두 데이터는 sequence length는 다르고 batch_size는 같은 형태

trg_data는 <SOS>, <EOS> 토큰을 앞뒤로 넣음

Decoder

class Decoder(nn.Module):
  def __init__(self):
    super(Decoder, self).__init__()

    self.embedding = nn.Embedding(vocab_size, embedding_size)
    self.gru = nn.GRU(
        input_size=embedding_size, 
        hidden_size=hidden_size,
    )
    self.output_layer = nn.Linear(hidden_size, vocab_size)

  def forward(self, batch, hidden):  # batch: (B), hidden: (1, B, d_h)
    batch_emb = self.embedding(batch)  # (B, d_w)
    batch_emb = batch_emb.unsqueeze(0)  # (1, B, d_w)

    outputs, hidden = self.gru(batch_emb, hidden)  # outputs: (1, B, d_h), hidden: (1, B, d_h)
    
    # V: vocab size
    outputs = self.output_layer(outputs)  # (1, B, V)

    return outputs.squeeze(0), hidden

outputs, hidden = self.gru(batch_emb, hidden)

shape :
- outputs: (1, B, d_h)
- hidden: (1, B, d_h)

gru의 outputs shape은 (sequence_length, batch, hidden dim)인데, 왜 여기선 1?

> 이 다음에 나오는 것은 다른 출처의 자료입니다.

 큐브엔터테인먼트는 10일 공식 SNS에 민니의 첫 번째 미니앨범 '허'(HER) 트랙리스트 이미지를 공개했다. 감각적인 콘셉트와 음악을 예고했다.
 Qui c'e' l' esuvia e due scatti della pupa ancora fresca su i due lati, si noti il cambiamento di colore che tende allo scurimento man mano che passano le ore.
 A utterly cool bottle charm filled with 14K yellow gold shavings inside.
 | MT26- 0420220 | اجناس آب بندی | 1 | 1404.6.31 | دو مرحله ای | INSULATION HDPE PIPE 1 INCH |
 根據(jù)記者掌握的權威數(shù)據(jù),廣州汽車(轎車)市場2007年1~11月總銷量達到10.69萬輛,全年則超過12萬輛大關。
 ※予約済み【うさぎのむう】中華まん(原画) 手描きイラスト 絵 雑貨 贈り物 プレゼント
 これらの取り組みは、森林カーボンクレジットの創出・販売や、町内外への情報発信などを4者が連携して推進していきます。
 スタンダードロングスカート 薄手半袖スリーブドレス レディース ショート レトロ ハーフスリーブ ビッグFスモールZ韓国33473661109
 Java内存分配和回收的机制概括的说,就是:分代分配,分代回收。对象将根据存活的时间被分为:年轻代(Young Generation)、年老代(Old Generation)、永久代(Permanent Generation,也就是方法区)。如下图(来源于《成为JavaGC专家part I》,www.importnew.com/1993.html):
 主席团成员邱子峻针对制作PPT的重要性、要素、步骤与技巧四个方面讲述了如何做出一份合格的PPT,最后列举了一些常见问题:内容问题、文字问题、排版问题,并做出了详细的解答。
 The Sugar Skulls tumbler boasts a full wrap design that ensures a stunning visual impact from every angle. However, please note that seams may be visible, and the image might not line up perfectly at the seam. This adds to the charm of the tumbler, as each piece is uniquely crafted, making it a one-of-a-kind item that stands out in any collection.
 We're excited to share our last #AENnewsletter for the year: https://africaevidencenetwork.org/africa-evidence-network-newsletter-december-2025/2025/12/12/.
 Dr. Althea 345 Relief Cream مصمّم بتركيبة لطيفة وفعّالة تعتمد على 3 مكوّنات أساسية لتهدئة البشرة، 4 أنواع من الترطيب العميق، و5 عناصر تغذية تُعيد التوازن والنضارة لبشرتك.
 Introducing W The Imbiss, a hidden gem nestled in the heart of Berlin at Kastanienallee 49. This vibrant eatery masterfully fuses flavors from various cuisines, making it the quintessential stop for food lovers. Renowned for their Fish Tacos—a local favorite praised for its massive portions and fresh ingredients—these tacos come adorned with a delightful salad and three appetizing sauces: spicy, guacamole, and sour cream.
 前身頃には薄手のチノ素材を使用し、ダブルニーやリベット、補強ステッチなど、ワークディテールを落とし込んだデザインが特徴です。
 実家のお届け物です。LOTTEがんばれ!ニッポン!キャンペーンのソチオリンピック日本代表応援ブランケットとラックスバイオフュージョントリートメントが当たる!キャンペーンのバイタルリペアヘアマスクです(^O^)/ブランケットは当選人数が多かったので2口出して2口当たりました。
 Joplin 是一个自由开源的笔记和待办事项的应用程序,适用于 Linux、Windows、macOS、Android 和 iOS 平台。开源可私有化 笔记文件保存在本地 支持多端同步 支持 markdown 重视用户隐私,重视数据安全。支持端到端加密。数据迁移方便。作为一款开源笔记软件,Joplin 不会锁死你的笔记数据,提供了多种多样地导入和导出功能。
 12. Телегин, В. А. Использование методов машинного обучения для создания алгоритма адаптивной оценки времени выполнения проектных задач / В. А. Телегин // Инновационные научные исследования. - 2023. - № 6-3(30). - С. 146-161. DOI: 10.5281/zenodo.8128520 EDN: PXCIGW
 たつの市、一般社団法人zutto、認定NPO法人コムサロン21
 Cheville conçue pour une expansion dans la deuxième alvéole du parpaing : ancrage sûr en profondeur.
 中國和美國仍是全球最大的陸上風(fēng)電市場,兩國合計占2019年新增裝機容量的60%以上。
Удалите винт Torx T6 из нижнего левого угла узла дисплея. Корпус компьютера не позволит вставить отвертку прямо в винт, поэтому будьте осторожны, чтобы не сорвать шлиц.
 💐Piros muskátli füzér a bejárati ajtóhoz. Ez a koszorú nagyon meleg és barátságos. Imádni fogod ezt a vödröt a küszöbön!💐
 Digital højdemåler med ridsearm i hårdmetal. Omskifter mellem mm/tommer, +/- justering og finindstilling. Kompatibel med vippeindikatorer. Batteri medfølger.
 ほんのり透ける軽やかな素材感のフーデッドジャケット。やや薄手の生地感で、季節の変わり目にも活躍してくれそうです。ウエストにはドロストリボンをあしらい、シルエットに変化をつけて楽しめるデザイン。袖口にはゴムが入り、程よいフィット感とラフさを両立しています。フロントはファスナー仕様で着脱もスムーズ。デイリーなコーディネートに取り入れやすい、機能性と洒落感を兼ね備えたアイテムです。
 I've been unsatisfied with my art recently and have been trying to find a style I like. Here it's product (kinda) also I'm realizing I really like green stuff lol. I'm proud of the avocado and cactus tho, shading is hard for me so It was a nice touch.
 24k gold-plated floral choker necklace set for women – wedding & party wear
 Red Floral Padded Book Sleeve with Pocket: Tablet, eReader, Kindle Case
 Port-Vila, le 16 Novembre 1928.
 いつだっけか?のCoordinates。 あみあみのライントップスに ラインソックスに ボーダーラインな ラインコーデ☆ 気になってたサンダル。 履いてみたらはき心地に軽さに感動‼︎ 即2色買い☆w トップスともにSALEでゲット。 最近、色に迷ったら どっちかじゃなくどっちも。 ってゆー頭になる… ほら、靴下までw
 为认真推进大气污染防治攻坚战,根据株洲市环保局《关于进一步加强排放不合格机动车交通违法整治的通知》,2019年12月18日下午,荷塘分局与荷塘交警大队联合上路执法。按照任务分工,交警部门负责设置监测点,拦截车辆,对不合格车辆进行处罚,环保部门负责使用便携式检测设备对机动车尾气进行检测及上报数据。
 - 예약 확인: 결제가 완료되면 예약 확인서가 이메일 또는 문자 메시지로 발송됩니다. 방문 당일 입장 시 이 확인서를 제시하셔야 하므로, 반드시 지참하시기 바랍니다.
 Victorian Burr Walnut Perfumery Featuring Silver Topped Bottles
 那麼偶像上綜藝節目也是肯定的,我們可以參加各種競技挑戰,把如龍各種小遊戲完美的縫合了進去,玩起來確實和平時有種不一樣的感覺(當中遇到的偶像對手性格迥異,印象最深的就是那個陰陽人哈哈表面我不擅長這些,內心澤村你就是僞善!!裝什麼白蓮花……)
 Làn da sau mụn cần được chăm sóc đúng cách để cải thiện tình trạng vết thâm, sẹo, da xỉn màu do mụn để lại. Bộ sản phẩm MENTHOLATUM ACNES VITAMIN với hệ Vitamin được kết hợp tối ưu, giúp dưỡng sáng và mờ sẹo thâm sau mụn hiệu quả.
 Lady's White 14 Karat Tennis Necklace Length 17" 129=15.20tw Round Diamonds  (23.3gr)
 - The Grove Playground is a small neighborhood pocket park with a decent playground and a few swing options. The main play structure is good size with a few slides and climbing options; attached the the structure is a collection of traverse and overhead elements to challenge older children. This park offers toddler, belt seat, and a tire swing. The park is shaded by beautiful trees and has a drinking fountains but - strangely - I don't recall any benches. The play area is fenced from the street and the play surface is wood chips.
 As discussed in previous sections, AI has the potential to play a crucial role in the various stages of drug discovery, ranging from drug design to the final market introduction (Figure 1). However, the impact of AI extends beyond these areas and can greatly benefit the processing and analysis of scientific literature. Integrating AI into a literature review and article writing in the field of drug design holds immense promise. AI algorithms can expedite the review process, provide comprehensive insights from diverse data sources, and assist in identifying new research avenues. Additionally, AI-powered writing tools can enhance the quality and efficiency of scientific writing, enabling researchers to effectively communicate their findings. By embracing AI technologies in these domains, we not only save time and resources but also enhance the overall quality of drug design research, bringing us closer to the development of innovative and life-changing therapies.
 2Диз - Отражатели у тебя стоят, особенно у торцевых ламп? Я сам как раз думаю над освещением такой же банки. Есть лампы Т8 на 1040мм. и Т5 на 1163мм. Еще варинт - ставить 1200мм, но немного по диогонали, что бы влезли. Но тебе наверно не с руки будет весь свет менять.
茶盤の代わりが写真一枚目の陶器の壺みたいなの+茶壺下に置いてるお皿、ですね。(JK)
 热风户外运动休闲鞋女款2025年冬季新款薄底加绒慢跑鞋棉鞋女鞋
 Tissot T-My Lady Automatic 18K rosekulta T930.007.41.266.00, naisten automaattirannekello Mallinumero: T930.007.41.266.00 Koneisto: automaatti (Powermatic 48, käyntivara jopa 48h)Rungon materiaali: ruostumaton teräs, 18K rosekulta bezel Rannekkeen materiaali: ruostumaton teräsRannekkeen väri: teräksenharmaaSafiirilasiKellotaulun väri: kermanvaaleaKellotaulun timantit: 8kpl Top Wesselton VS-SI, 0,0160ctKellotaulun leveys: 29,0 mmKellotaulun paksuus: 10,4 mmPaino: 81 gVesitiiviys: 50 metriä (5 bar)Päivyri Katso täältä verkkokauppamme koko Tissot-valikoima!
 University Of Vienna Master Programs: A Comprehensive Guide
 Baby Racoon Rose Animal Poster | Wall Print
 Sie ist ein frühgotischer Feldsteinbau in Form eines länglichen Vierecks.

batch_emb = batch_emb.unsqueeze(0)
- batch_emb의 shape은 (B, word dim)
- unsqueeze를 통해 (1, B, word dim)
- batch의 모든 단어 token을 input으로 하는 것이 아닌, time step에 맞는 단어만 gru 통과
  
  ↓Reason

class Seq2seq(nn.Module):
  def __init__(self, encoder, decoder):
    super(Seq2seq, self).__init__()

    self.encoder = encoder
    self.decoder = decoder

  def forward(self, src_batch, src_batch_lens, trg_batch, teacher_forcing_prob=0.5):
    # src_batch: (B, S_L), src_batch_lens: (B), trg_batch: (B, T_L)

    _, hidden = self.encoder(src_batch, src_batch_lens)  # hidden: (1, B, d_h)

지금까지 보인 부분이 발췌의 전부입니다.